Delegate to the diagnostic agent with full context:

- Include: application ID, deployment ID, error message, container status
- The diagnostic agent uses `failure-diagnosis` skill for pattern matching
- Wait for diagnosis result: root cause + whether it's code-fixable

### 3. DECIDE

Based on diagnosis:

| Root cause type | Action |
|---|---|
| Code error (syntax, missing dep, config) | Auto-fix via PR |
| Dockerfile issue (wrong base image, missing file) | Auto-fix via PR |
| Environment variable missing or wrong | Notify user — env vars need manual input |
| Infrastructure (server resources, Docker daemon) | Notify user — requires manual intervention |
| Database connection failed | Notify user — check database status and credentials |
| External service down | Notify user — nothing to fix on our side |
| Unknown | Notify user with gathered evidence |

### 4. FIX (if code-fixable)

Delegate to the GitHub agent:

- Branch: `auto-fix/<short-description>` (e.g. `auto-fix/missing-prisma-schema`)
- Read the problematic file, generate the minimal fix
- Commit with message: `fix: <description of what was fixed>`
- Open PR from fix branch into default branch
- **Never merge** — return PR URL for user approval

### 5. NOTIFY

Send to all configured notification channels:

**If fix PR created:**
```
Failure detected for [app name].
Root cause: [one-line summary].
Auto-fix PR: [pr_url]
Review and merge to trigger redeploy.
```

**If no fix possible:**
```
Failure detected for [app name].
Root cause: [one-line summary].
Recommended action: [specific next step].
```

**If diagnosis inconclusive:**
```
Issue detected for [app name].
Findings: [what was observed].
Unable to determine root cause automatically.
Please investigate: [specific things to check].
```

### 6. VERIFY (after user merges fix)

If the fix PR is merged and a new deployment triggers:

- Run post-deploy-verification checks
- If healthy: notify "Issue resolved after fix merge"
- If still failing: escalate — "Fix did not resolve the issue, further investigation needed"

## Rules

- Never merge PRs automatically — always require user approval
- Never push to main/master — always use fix branches
- Do not retry the same fix more than once
- Maximum 3 auto-fix attempts per incident before escalating to user
- Include all relevant context when delegating to sub-agents
- Every response must end with a concrete result or completed action

## Anti-Patterns

- **Fixing symptoms instead of root cause**: If the container OOM-kills, don't just increase memory — investigate the memory consumer
- **Auto-fixing infrastructure issues**: Server-level problems (disk full, Docker daemon down) can't be fixed via code PR
- **Notifying without actionable information**: "Something went wrong" is useless — always include what failed, why, and what to do
- **Cascading fixes**: If fix A causes failure B, stop and escalate — don't chain auto-fixes

## Related Skills

- **`failure-diagnosis`** — Pattern tables for identifying root causes
- **`rollback-strategy`** — When to rollback vs fix forward
- **`post-deploy-verification`** — Verify fix worked after merge

## Event Context

Your prompt contains the full incident context formatted by the event pipeline.

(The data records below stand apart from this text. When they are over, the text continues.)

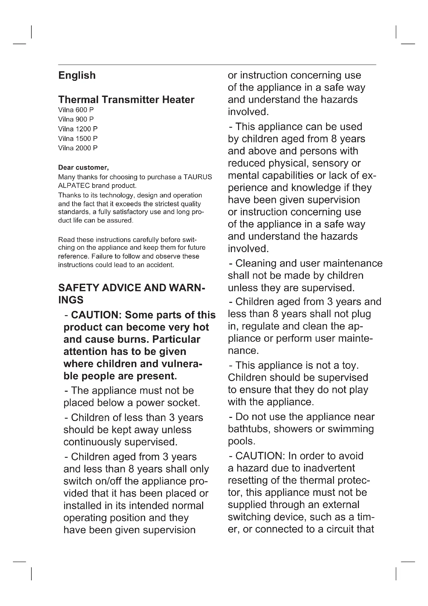 Vilna 1500 P - Heating TAURUS - Free user manual and instructions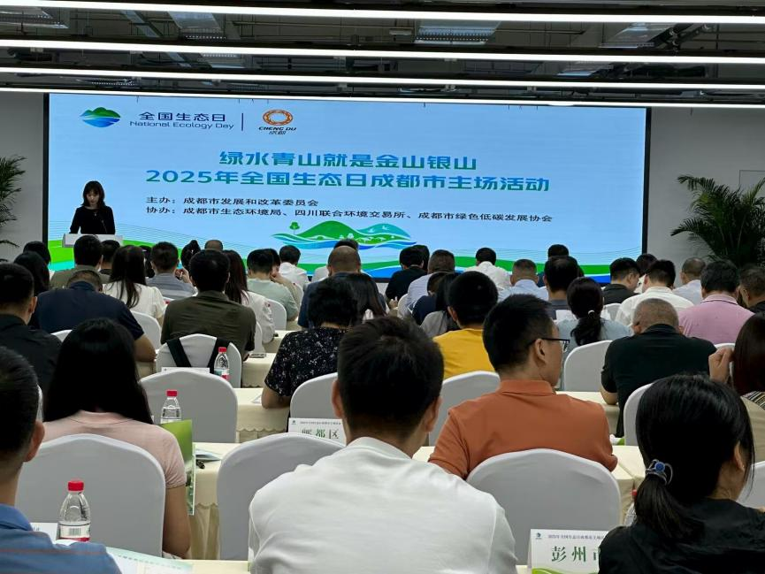 2025年8月15日,以“綠水青山就是金山銀山”為主題的全國生態(tài)日成都市主場活動在市民營經濟發(fā)展促進中心成功舉辦。本次活動由成都市發(fā)展改革委主辦,成都市生態(tài)環(huán)境局、四川聯(lián)合環(huán)境交易所、成都市綠色低碳發(fā)展協(xié)會協(xié)辦。成都市發(fā)展改革委、市生態(tài)環(huán)境局等市級相關部門、區(qū)(市)縣、行業(yè)協(xié)會代表等80余人參會。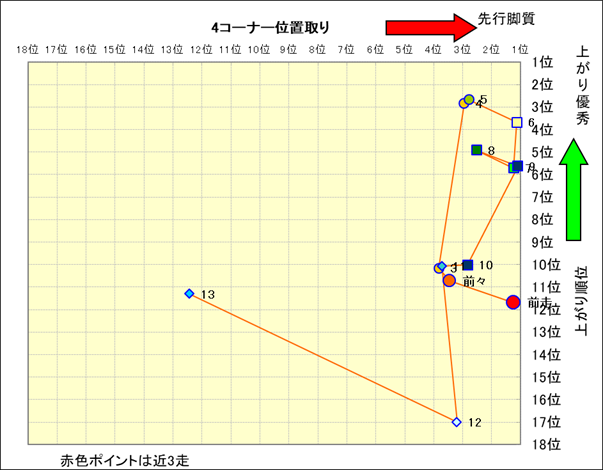 近走における4コーナーでの位置取りと上がり順位(頭数補正後) |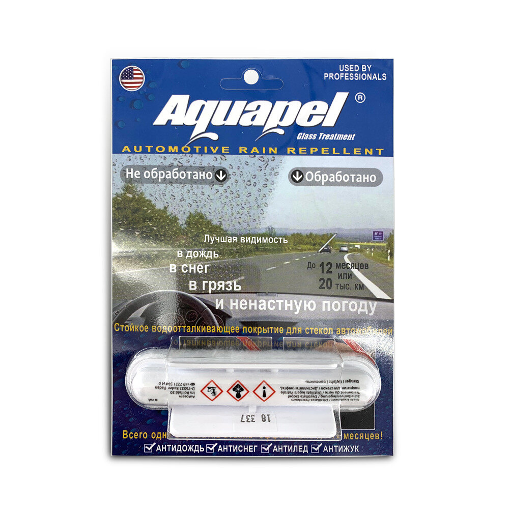 Aquapel (Аквапель) Антидождь, водоотталкивающее покрытие для стекол, блистер информация: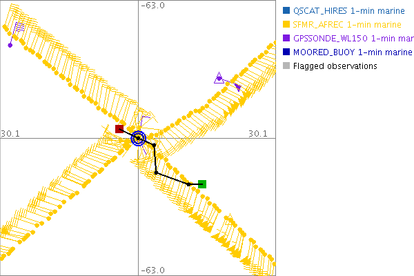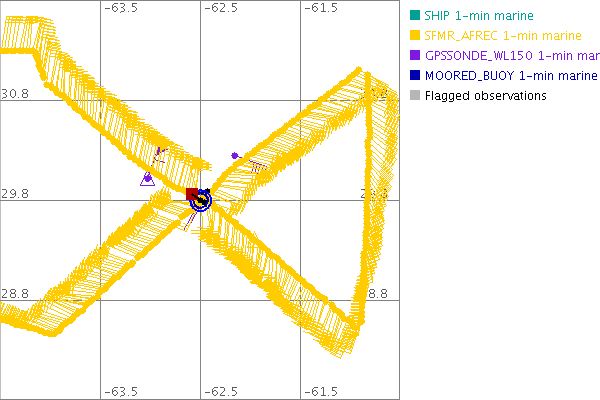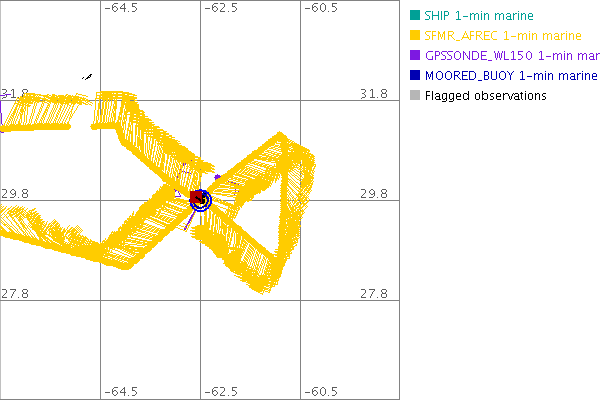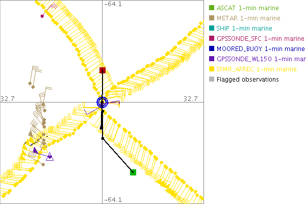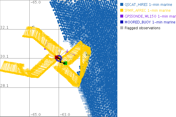 As a public service we are hosting the legacy H*wind archive that was formerly available through NOAA. Most of the archive was conducted in real-time so data collected after the analysis time were not available. Methods used to conduct the analyses evolved over the years. Grid spacing is on the order of 6 km and maximum domain size varies but is typically 8 x 8 degrees. There are known errors in some of the data coverage, mapping, and gridded products. For more information on the archive please go here. For realtime and post storm analysis of the 2014 season and a revised historical archive go here.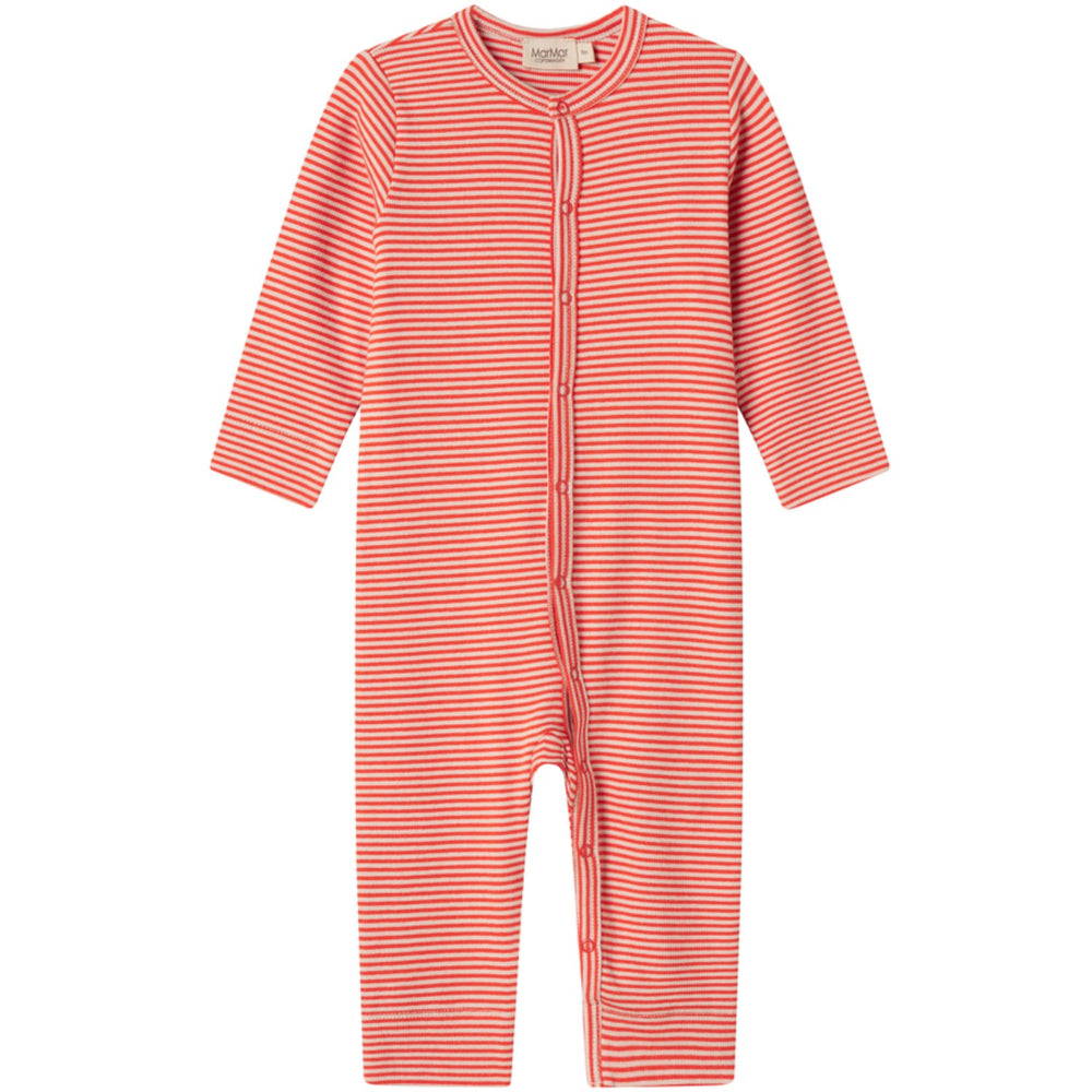 Brighten up your little one's wardrobe with the MarMar Modal Fine Rib Red Stripe Ruka Onesie. Crafted from soft, fine rib modal fabric, this long-sleeved, spacious romper ensures comfort with every wear. It features a striking red stripe design, ideal for vibrant style. Practical snap buttons run down one leg, making diaper changes quick and effortless. Perfect for your child's day-to-day adventures or cozy nap times, this onesie blends charming style with functionality. Easily cared for, keeping this onesie looking fresh and fabulous is a breeze. Ideal for infants who enjoy comfort without compromising on style! Materials: 47% Modal 48% Cotton (Organic) 5% Elastane Washing instructions: Wash - Machine wash 40°C , Bleach - Do not bleach , Drying - Do not tumble dry, Ironing - medium, Dry Clean - Dry clean possible Certifications: OEKO-TEX, LENZING Modal, Organic cotton, SMETA Fine rib knit with elastane Soft, stretchy and comfortable to wear Breathable quality Keeps shape and color Oeko-tex® - Tested for harmful chemicals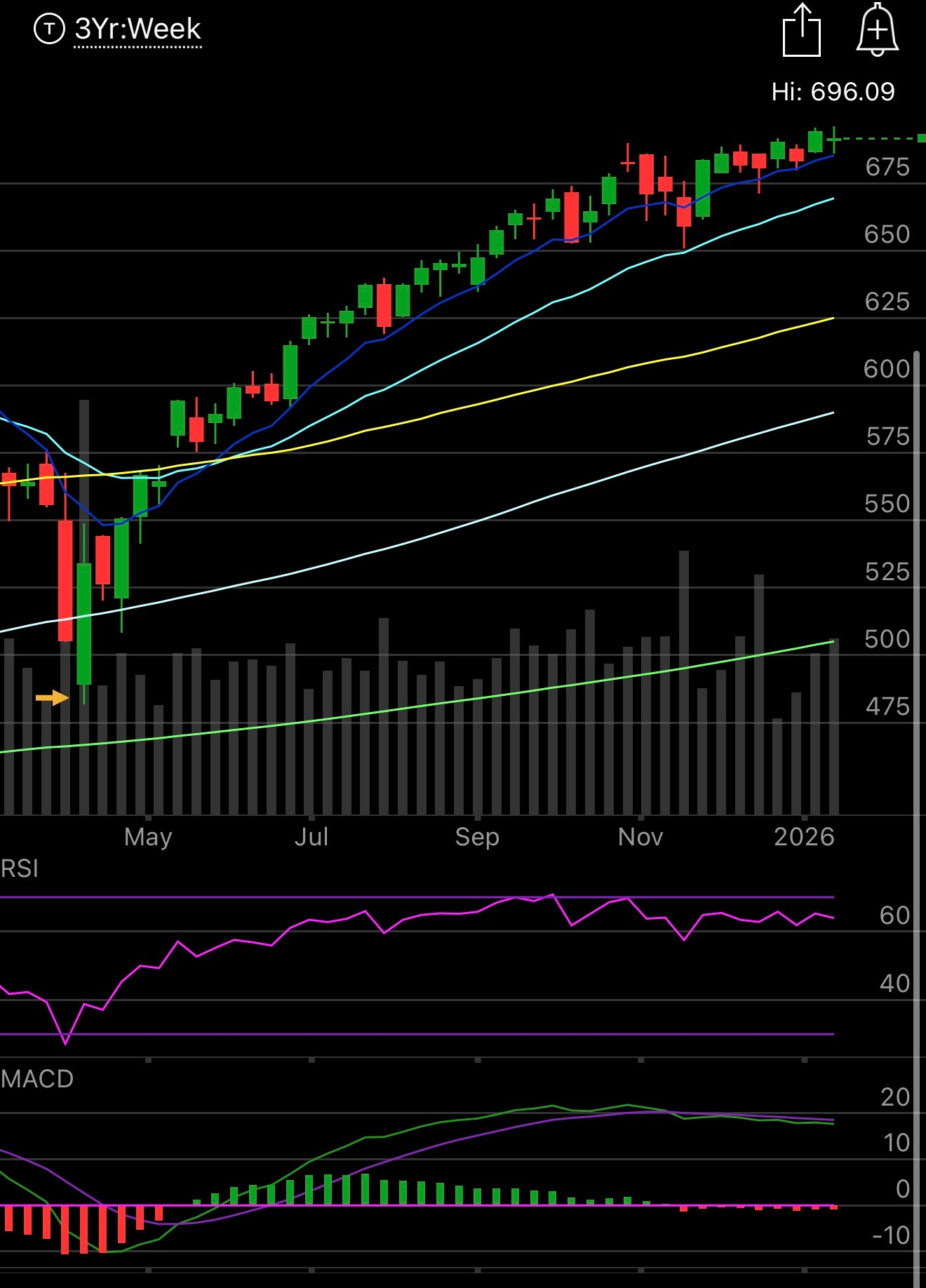 The SPY just closed over the 8 week again and you can see this nice uptrend we’ve been in since last April, we are riding this 8 ema higher for the time being without a care in the world. Megacap earnings kickoff in 10 days and until we hear from the companies that make up most of the weighting in the market, there just isn’t much to say. We’ve gone nowhere really in 3 months, the moving averages are catching up right now but we’re also 1 bad week away from all sorts of technical damage unfolding so you have to be mindful day to day and respect any breakdown we have below things like the 21 ema as a sign to lighten up. Keep that in mind because it looks like Tuesday may get a little ugly with what has unfolded so far this 3 day weekend.

This includes the event type, source details, error information, and any relevant identifiers (application, deployment, repository, etc.). Use all provided context to drive your investigation.

## Safety Rules

- Never merge PRs. Always return the PR URL for user approval.
- Never push to main/master. Always create a fix branch.
- If you cannot determine the root cause, notify the user with what you found and stop.
- Do not retry the same fix more than once. Maximum 3 auto-fix attempts per incident before escalating.
- Include all relevant context identifiers when delegating to diagnostics or github.
- After delegation returns, immediately process the result. Never say work is "underway".
- Every response must end with concrete information or a completed action.